Here we can plot the actual population distribution and distribution of averages of population distribution.

Population Distribution

Plotting the population distribution via ggplot2 plotting.

g3<-ggplot(data.frame(seq_along(1:length(population)),population))+aes(population)+geom_histogram(aes(fill=..count..))
g3<-g3+geom_vline(xintercept = mean_population,col='gray',linetype="longdash",size=1)
g3<-g3+labs(x="Population",y="Frequency",title="Population Distribution")
g3<-g3+geom_text(x=mean_population,y=0,label=round(mean_population,2),vjust=1)
g3<-g3+geom_text(x=mean_population,y=max(population),label="mean",angle=90,vjust=1)
g3

We can see that the distribution of population is not uniform.

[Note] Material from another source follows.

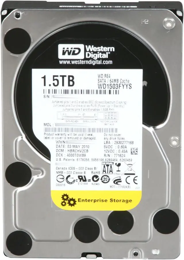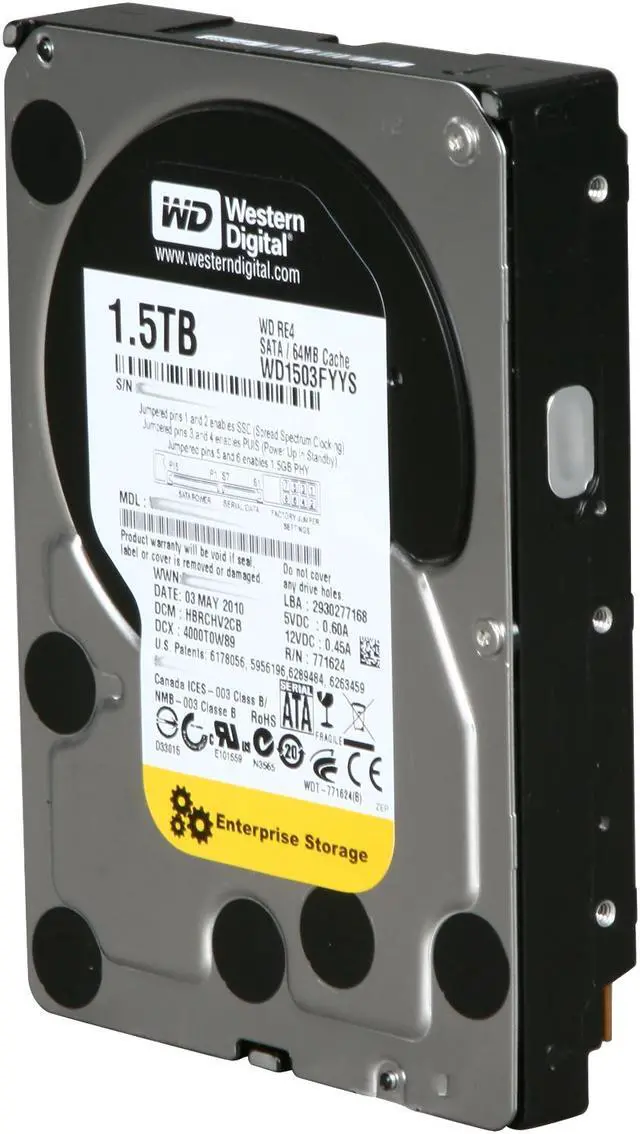 Western Digital WD RE4 WD1503FYYS 1.5TB 7200 RPM 64MB Cache SATA 3.0Gb/s 3.5" Internal Enterprise Hard Drive Bare Drive
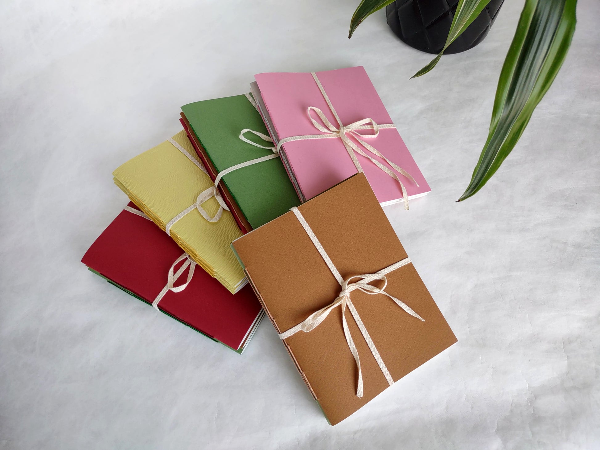 They are is handbound using unwaxed cotton thread in a chain stitch and the set is wrapped together with cotton ribbon.

Distribution of Sample Mean

g4<-ggplot(data.frame(seq_along(1:length(sample)),sample))+aes(sample)+geom_histogram(aes(fill=..count..))
g4<-g4+geom_vline(xintercept = mean_sample,col='gray',linetype="longdash",size=1)
g4<-g4+labs(x="Sample",y="Frequency",title="Sample Distribution")
g4<-g4+geom_text(x=mean_sample,y=0,label=round(mean_sample,2),vjust=1)
g4<-g4+geom_text(x=mean_sample,y=max(sample),label="mean",angle=90,vjust=1)
g4

Here we can see that even though the distribution of orignal population is not normal but the distribution of sample mean/averages is approximately Normally Distributed which is as per Central Limit Theorem.